How to Use This Repository

This project was created on DBT Cloud (https://cloud.getdbt.com). Hence there is no profiles.yml file with the connection information. Developers who want to execute the models on the Command Line Interface (CLI) mode will need to create additional configuration files by following the directions provided here

Note: While this code has been tested for Google BigQuery, it should also be usable for other RudderStack-supported data warehouses like Amazon Redshift and Snowflake. The only differences that might arise are with regards to functions related to timestamp handling and analytics. Even then, we believe the code should be usable by just replacing the BigQuery functions with their counterparts from Redshift or Snowflake as required.

Sequence of Commands

The sequence in which the DBT models should be executed for a fresh run is as follows:

  • dbt_aliases_mapping

This model/table has two attributes/columns - alias and dbt_visitor_id.

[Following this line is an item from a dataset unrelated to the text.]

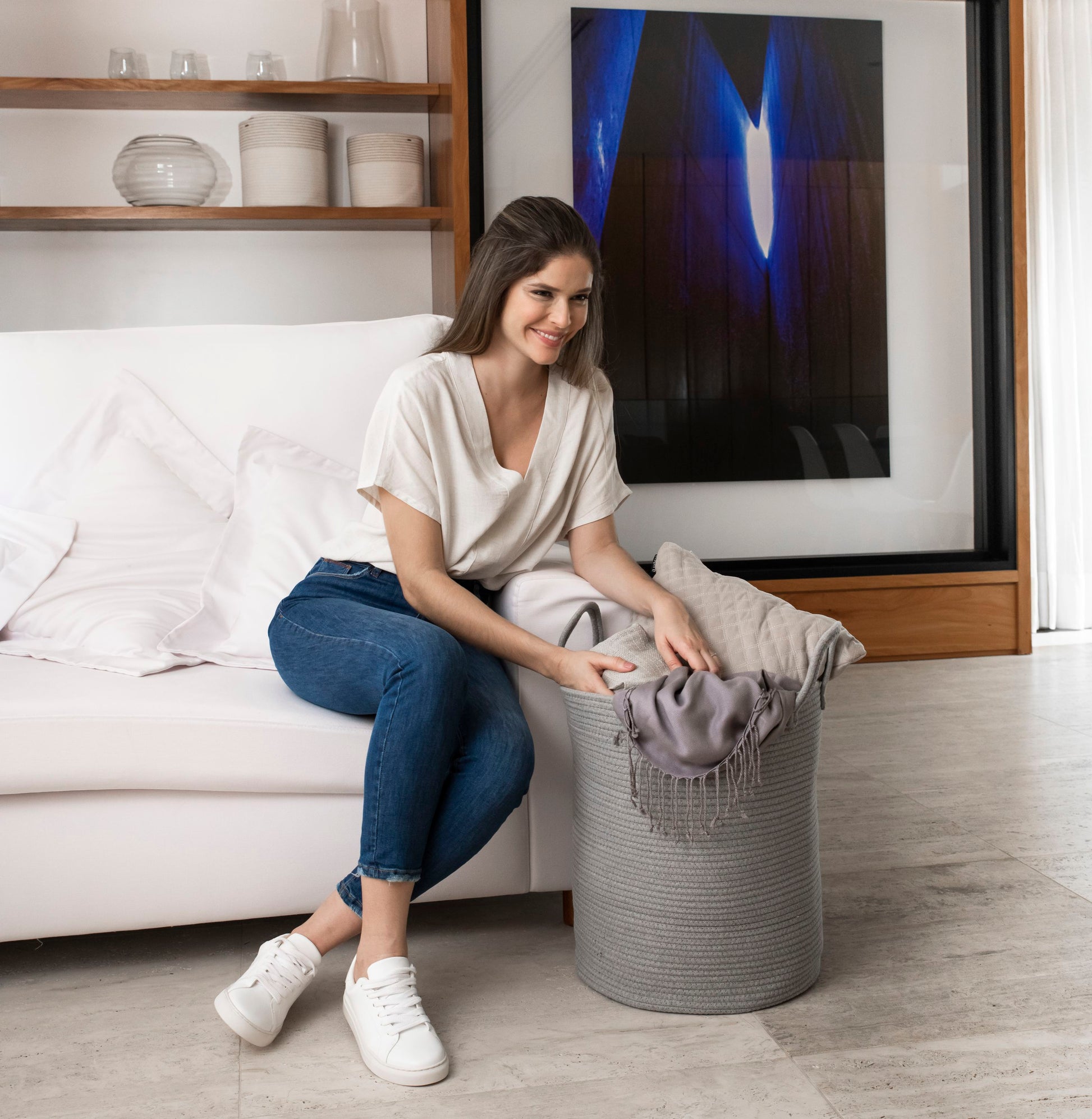 ⭐️ LOVELY PLAIN COLORS that have a pure, natural vibe and beautiful look. They go well in any room in your home. The Off White and Gray are big favorites for our customers. Chose from two popular sizes. Many people buy both to fully outfit their living room, laundry, and bedroom. 100% natural hand woven basket you won't want to be without.

This table captures the linkages between one or more anonymous_id values (alias) and a user_id (dbt_visitor_id).

  • dbt_mapped_tracks

This table has columns - event_id, anonymous_id, dbt_visitor_id, timestamp, event, idle_time_minutes. event represents the actual event name. timestamp corresponds to the instant when the event was actually generated. idle_time_minutes captures the time gap between the event and the immediate preceeding one.

  • dbt_session_tracks

This table contains columns - session_id, dbt_visitor_id, session_start_at, session_sequence_number, next_session_start_at.

The data in the dbt_mapped_tracks table is partitioned first by dbt_visitor_id. It is then partitioned farther into groups of events where within one group the time-gap i.e. idle_time_minutes is not more than 30. In other words - if idle_time_minutesfor an event is more than 30, a new group is created.

These groups of sequential events are essentially the sessions.The value of 30 can be modified in the model definition. The session_sequence_number represent the order of the session for a particular user. The session_id is of the form session_sequence_number - dbt_visitor_id.

  • dbt_track_facts

This table has columns - anonymous_id, timestamp, event_id, event, session_id, dbt_visitor_id, track_sequence_number.

In this table, the information from dbt_session_tracks is tied back to the records in the dbt_mapped_tracks table. Each event is now tied to a session_id and within the session also, the event is assigned a track_sequence_number.

  • dbt_session_track_facts

The columns in this table are - session_id, ended_at, num_pvs, cnt_viewed_product, cnt_signup. num_pvs captures the number of distinct events in that session. cnt_viewed_product captures the total number of times 'view_product' events were triggered. This is only for illustrative purposes; developers might want to monitor statistics for a different event type.

  • dbt_user_session_facts

The columns in this table are dbt_visitor_id, first_date, last_date, number_of_sessions. This table captures the time period for which the user has been active and the number of sessions they have created in that time.

  • dbt_session_duration

This table captures the duration for each session of a user; the associated columns are dbt_visitor_id, session_id and session_duration.

  • dbt_tracks_flow

The columns in this table are - event_id, session_id, track_sequence_number, event, dbt_visitor_id, timestamp, event_2, event_3, event_4, event_5. This is essentially a table where each event and 4 subsequent events are represented in each record.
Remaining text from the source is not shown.